Calculus of a Single Variable, Chapter 3, 3.3, Section 3.3, Problem 43

Given: f(x)=sin(x)+cos(x),(0,2pi)
Find the critical values by setting the first derivative equal to zero and solving for the x value(s).
f'(x)=cos(x)-sin(x)=0
cos(x)-sin(x)=0
cos(x)=sin(x)
1=sin(x)/cos(x)
1=tan(x)
x=pi/4,x=(5/4)pi
The critical values are at x=pi /4 and x=(5pi/4) .
If f'(x)>0 the function is increasing in an interval.
If f'(x)<0 the function is decreasing in an interval.
Choose an x value in the interval (0,pi/4).
f'(pi/6)=cos(pi/6)-sin(pi/6)=.3660
Since f'(pi/6)>0 the function is increasing on the interval (0,pi/4).
Choose an x value in the interval (pi/4,(5pi)/(4)).
f'(pi/2)=cos(pi/2)-sin(pi/2)=-1
Since f'(pi /2)<0 the function is decreasing on the interval (pi/4,(5pi)/4).
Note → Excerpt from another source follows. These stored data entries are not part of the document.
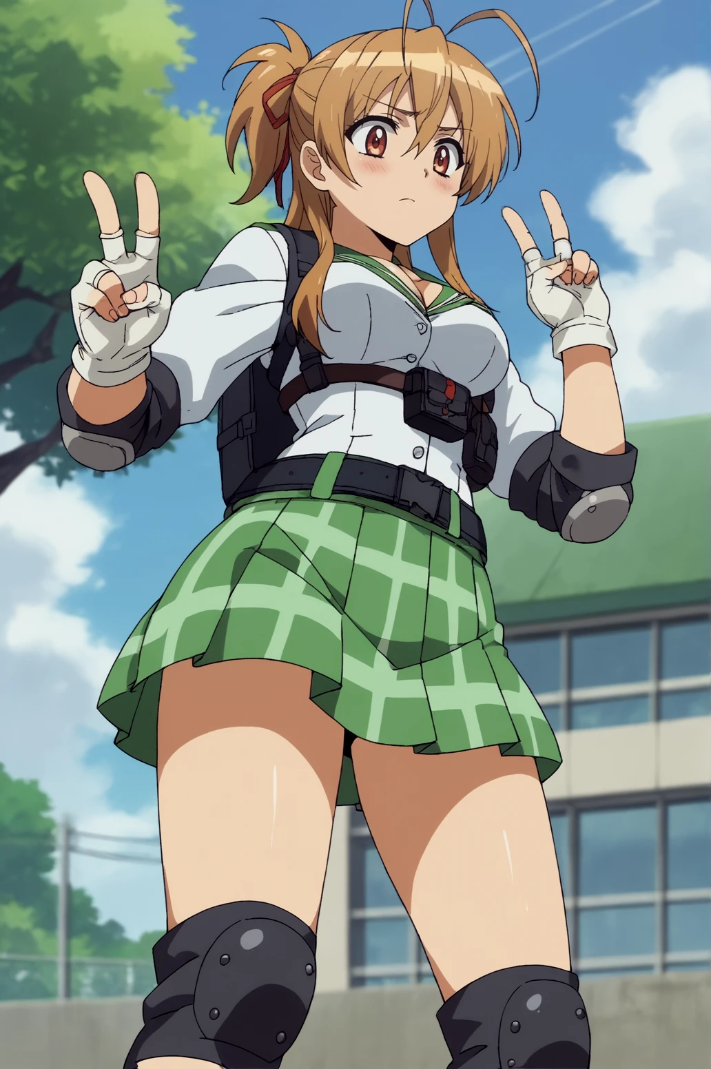 Trigger Words Optionnal: cleavage, school uniform, elbow pads, knee pads, fingerless gloves, white gloves
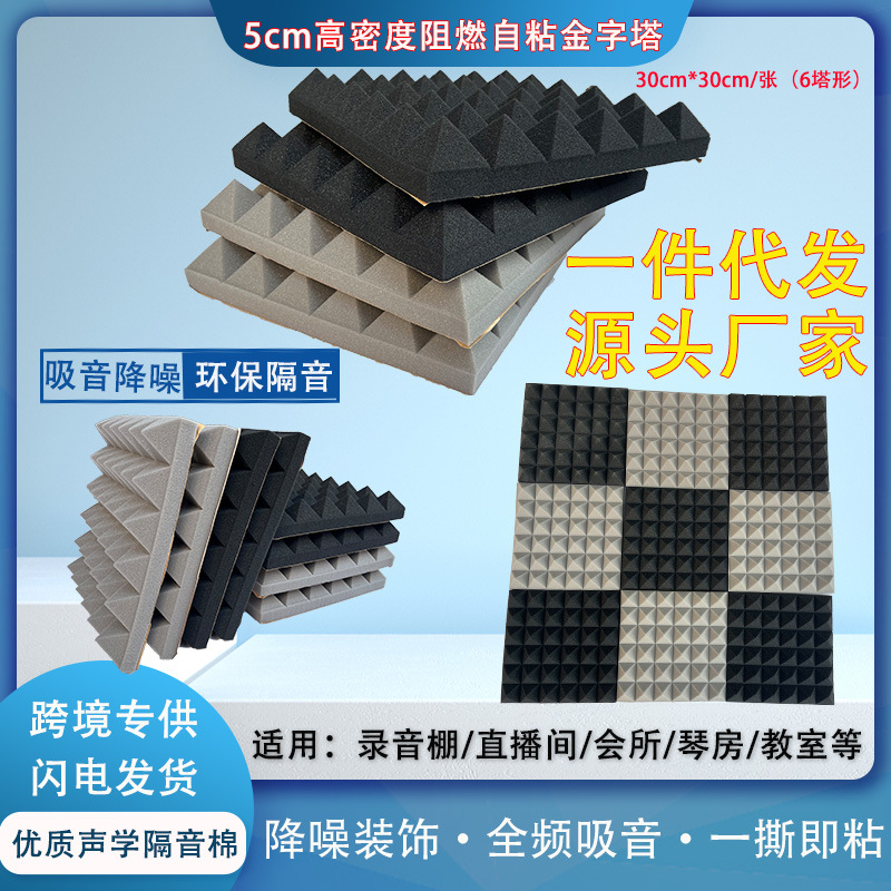 跨境小张金字塔吸音棉墙体自粘隔音棉架子鼓房录音棚直播间消音绵
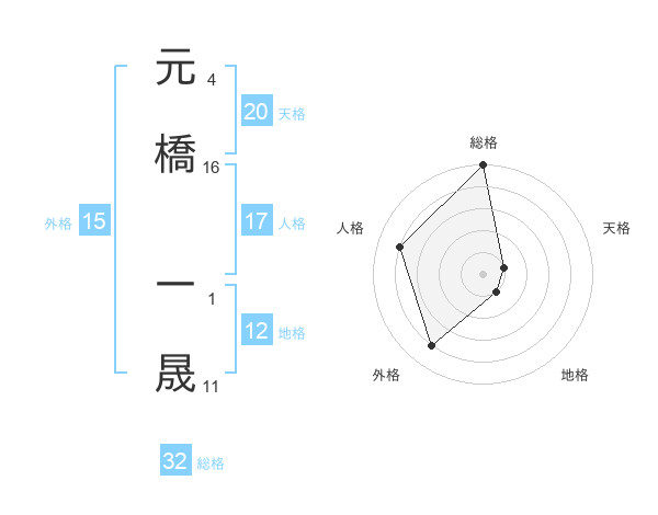 元橋 一晟さんを姓名の画数から五運を鑑定
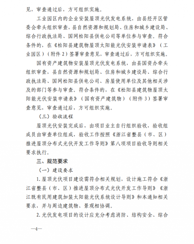 2、審查和驗(yàn)收流程:建筑產(chǎn)權(quán)人或光伏項(xiàng)目業(yè)主提出申請(qǐng),填寫(xiě)《松陽(yáng)縣建筑物屋頂太陽(yáng)能光伏安裝申請(qǐng)表》并附相關(guān)申請(qǐng)資料,按照所屬區(qū)塊報(bào)屬地鄉(xiāng)鎮(zhèn)街道或縣經(jīng)開(kāi)區(qū)管委會(huì)牽頭組織審查,國(guó)有資產(chǎn)屋頂建設(shè)光伏項(xiàng)目報(bào)縣財(cái)政局國(guó)資辦組織審查。自然資源和規(guī)劃局、住房和城鄉(xiāng)建設(shè)局、綜合新增執(zhí)法局、國(guó)網(wǎng)松陽(yáng)縣供電公司等相關(guān)部門(mén)或其下屬派出機(jī)構(gòu)參與審查。符合條件的,各審查單位在申請(qǐng)表中簽署審查意見(jiàn),方可組織實(shí)施。建設(shè)完成后,項(xiàng)目業(yè)主自主驗(yàn)收,審查單位參與驗(yàn)收,驗(yàn)收工作按照《浙江省整縣(市、區(qū))推進(jìn)屋頂分布式光伏開(kāi)發(fā)工作導(dǎo)則》第八項(xiàng)項(xiàng)目驗(yàn)收導(dǎo)則相關(guān)要求執(zhí)行。
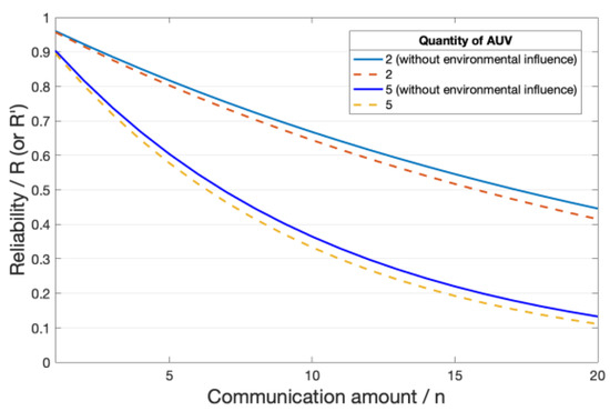Figure 4 shows a comparison of reliability between the ideal case and a case in which environmental factors are introduced. We assume that underwater environments are kept at a medium level to obtain the above data. It is not difficult to make out the influence of the model on reliability calculations. As the number of group communications increases, the reliability between the ideal situation and the real situation will gradually increase. The difference is caused by the influence of environmental factors on AUVs and group communications. The model proposed by this study is closer to that of the real application scenario, and the obtained data have a higher credibility and authenticity.
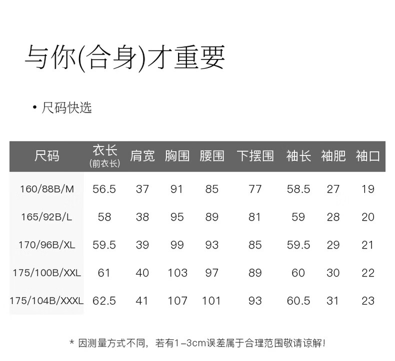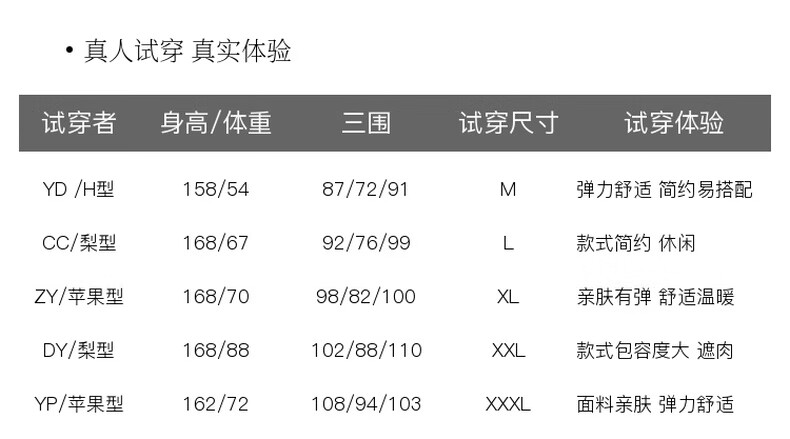China (cm) 160-165/84-86 165-170 / 88-90 167-172 / 92-96 168-173 / 98-102 170-176 / 106-110
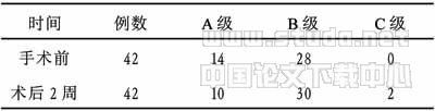 表2 B-CS组手术前、术后2周肝功能(Child-Pugh分级)变化情况 (例)
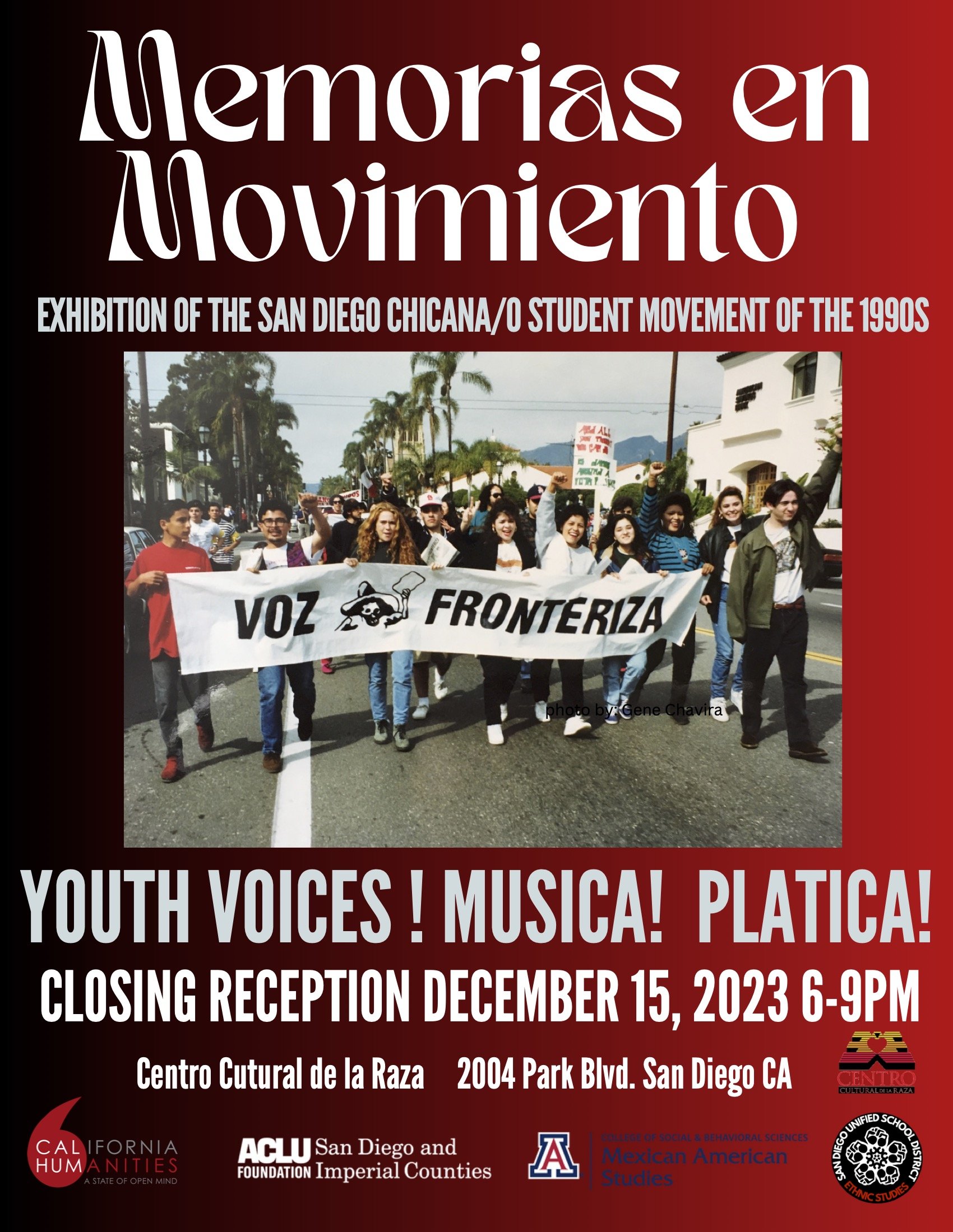 In the 1990s, Chicana/o students across California organized around issues of the time - state legislation that impacted communities of color, the struggle for representation in the educational system and a fight to reveal the legacies of colonialism in the region. Focusing on San Diego, Memorias en Movimiento - in partnership with the Centro Cultural de la Raza - will host an intergenerational symposium to bring activists and artists of that time together with contemporary leaders and community members. Alongside the panel of speakers, will be an exhibit of photos and other memorabilia of this generation’s movement work and contributions. This exhibit was inspired by Adolfo’s recent podcast titled, “Forgotten Revolutionary” which profiled the activism of early 1990s Chicano activist and radio DJ Oscar Gomez.

Choose an x value in the interval ((5pi)/4,2pi).
f'((3pi)/2)=cos((3pi)/2)-sin((3pi)/2)=1
Since f'((3pi)/2)>0 the function is decreasing on the interval ((5pi)/4,2pi).
Since the function changed directions from increasing to decreasing there is a relative maximum. The relative maximum is at the point (pi/4,sqrt(2)).
Since the function changed direction from decreasing to increasing there is a relative minimum. The relative minimum is at the point ((5pi)/4,-sqrt(2)).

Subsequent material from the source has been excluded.